Work task:
Given the records below, the lines starting at the line with "Vintage/Retro-julhälsningskort. Det är" and ending at the line with "Čierna mikina so" should be output exactly, both end lines kept and pictures left out.

Record excerpts:
# # #
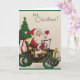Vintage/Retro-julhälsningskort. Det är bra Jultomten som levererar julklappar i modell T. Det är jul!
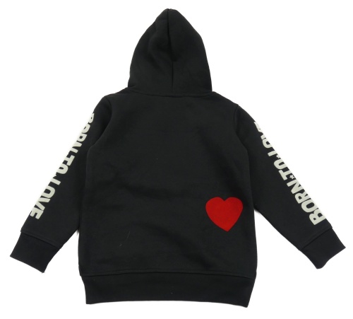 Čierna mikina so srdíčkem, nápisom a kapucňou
# # #
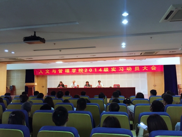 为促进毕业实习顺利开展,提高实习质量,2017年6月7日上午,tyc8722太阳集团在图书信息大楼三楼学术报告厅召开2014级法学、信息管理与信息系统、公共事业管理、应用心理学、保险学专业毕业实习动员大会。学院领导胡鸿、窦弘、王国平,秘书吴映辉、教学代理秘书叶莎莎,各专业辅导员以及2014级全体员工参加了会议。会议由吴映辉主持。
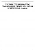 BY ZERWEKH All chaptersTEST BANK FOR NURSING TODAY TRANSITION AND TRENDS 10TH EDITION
# # #
Problem solution:
Vintage/Retro-julhälsningskort. Det är bra Jultomten som levererar julklappar i modell T. Det är jul!
 Čierna mikina so srdíčkem, nápisom a kapucňou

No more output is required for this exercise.